Menkeu Proyeksi Nilai Tukar Rp14.200-Rp14.800 per Dolar AS
Menteri Keuangan Sri Mulyani memperkirakan nilai tukar rupiah akan berada di kisaran Rp14.200 sampai Rp14.800 per dolar AS sampai akhir tahun ini. Asumsi tersebut sedikit lebih tinggi dari asumsi awal APBN Rp14.600 per dolar AS.
Ani, sapaan akrabnya, mengatakan proyeksi ini berasal dari kondisi rupiah yang cenderung melemah pada semester I 2021. Realisasi rerata kurs rupiah sebesar Rp14.299 per dolar AS pada paruh pertama tahun ini.
"Nilai tukar di akhir semester pertama cenderung melemah di tengah lonjakan kasus covid domestik dan respons market terhadap rencana normalisasi kebijakan moneter (bank sentral) AS dan berpotensi berlanjut pada semester kedua," imbuhnya, melalui rapat bersama Badan Anggaran DPR secara virtual, Senin (12/7).
Senada dengan Ani, Gubernur BI Perry Warjiyo juga mengakui bahwa mata uang Garuda masih cenderung terdepresiasi pada semester I 2021. Hal ini terjadi karena dampak kenaikan jumlah kasus harian covid-19 di Indonesia.
Padahal rupiah, klaimnya, punya dukungan yang kuat dari tren aliran modal asing yang masuk ke dalam negeri (capital inflow). Tercatat, inflow tembus Rp13,2 triliun pada April 2021.
"Tapi kemudian memang di akhir-akhir ini karena ada kenaikan covid-19 khususnya di Juni, sehingga menimbulkan outflow," tutur Perry dalam kesempatan yang sama.
Selain itu, pelemahan rupiah juga berasal dari pergerakan pasar terhadap mata uang negara lain terhadap dolar AS. "Rupiah melemah memang karena semua negara melemah, tapi tingkat pelemahan rupiah relatif lebih rendah ytd-nya 3,1 persen, lebih rendah dari Korea Selatan, Thailand, juga Turki," terangnya.
Kendati begitu, Perry mengklaim amunisi bank sentral nasional untuk menstabilkan kurs rupiah masih cukup besar.
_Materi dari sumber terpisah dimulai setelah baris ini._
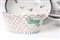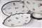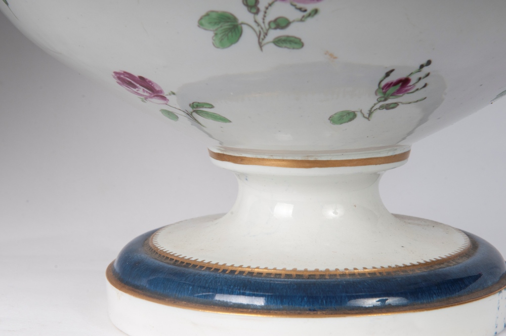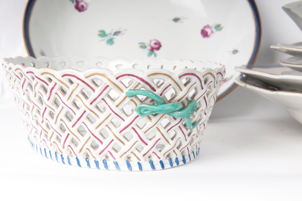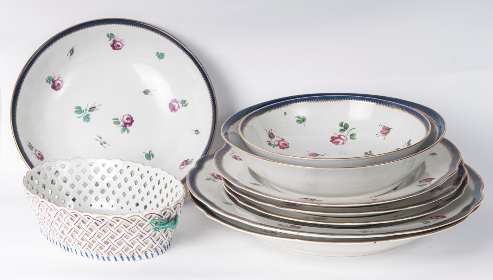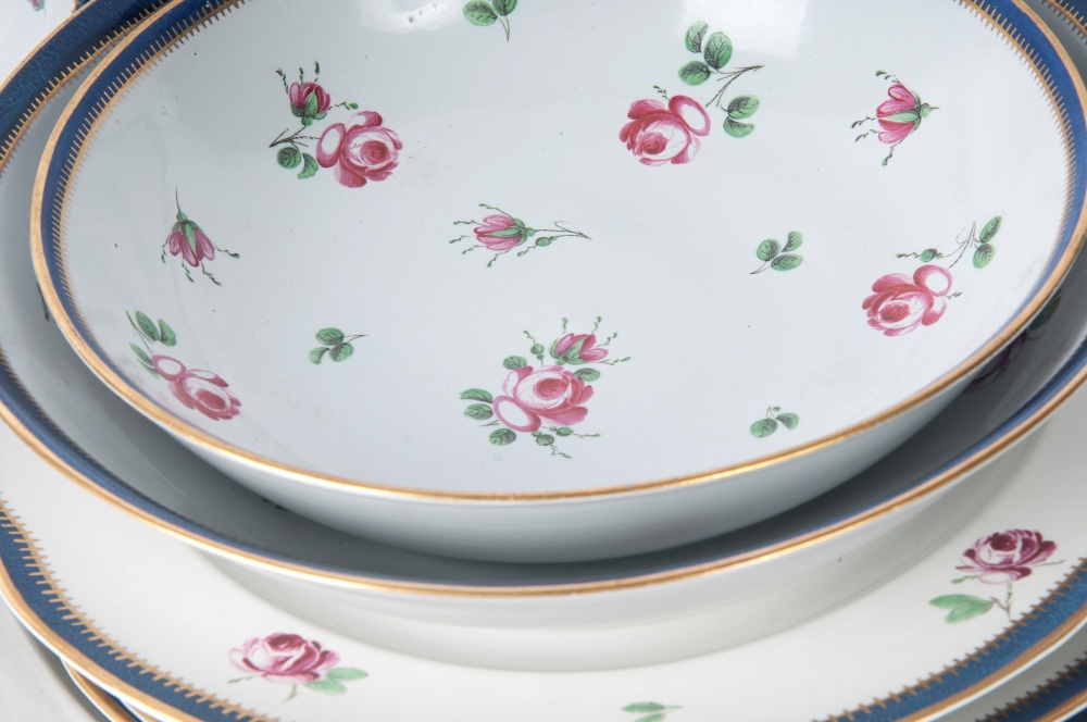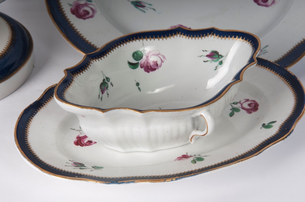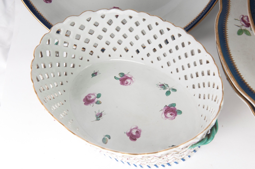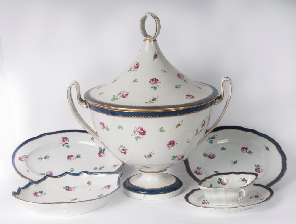 Piatti dal profilo mistilineo con base d'appoggio anulare. Decoro su fondo bianco a roselline e contorno in blu all'orlo con barbe in oro. Profilature in oro zecchino. La coppia di zuppiere è a forma di urna con anse a doppio nastro e presa del coperchio ad anello. Coppia di cestini dalla parete traforata con motivo a vimini intrecciato e prese a filo ritorto. Manifattura Ginori , ultimo quarto XVIII secolo

Hal ini tercermin dari jumlah cadangan devisa hingga pembelian Surat Berharga Negara (SBN) di pasar sekunder yang terus dilakukan BI.
Tercatat, cadangan devisa masih sekitar US$137,1 miliar per Juni 2021. Jumlahnya diklaim masih lebih dari cukup.
Sementara pembelian SBN di pasar sekunder untuk tahun ini diasumsikan mencapai Rp8,62 triliun. "Jadi, ke depan mungkin ada tekanan terhadap rupiah tapi kami akan lakukan stabilisasi dengan baik," pungkasnya.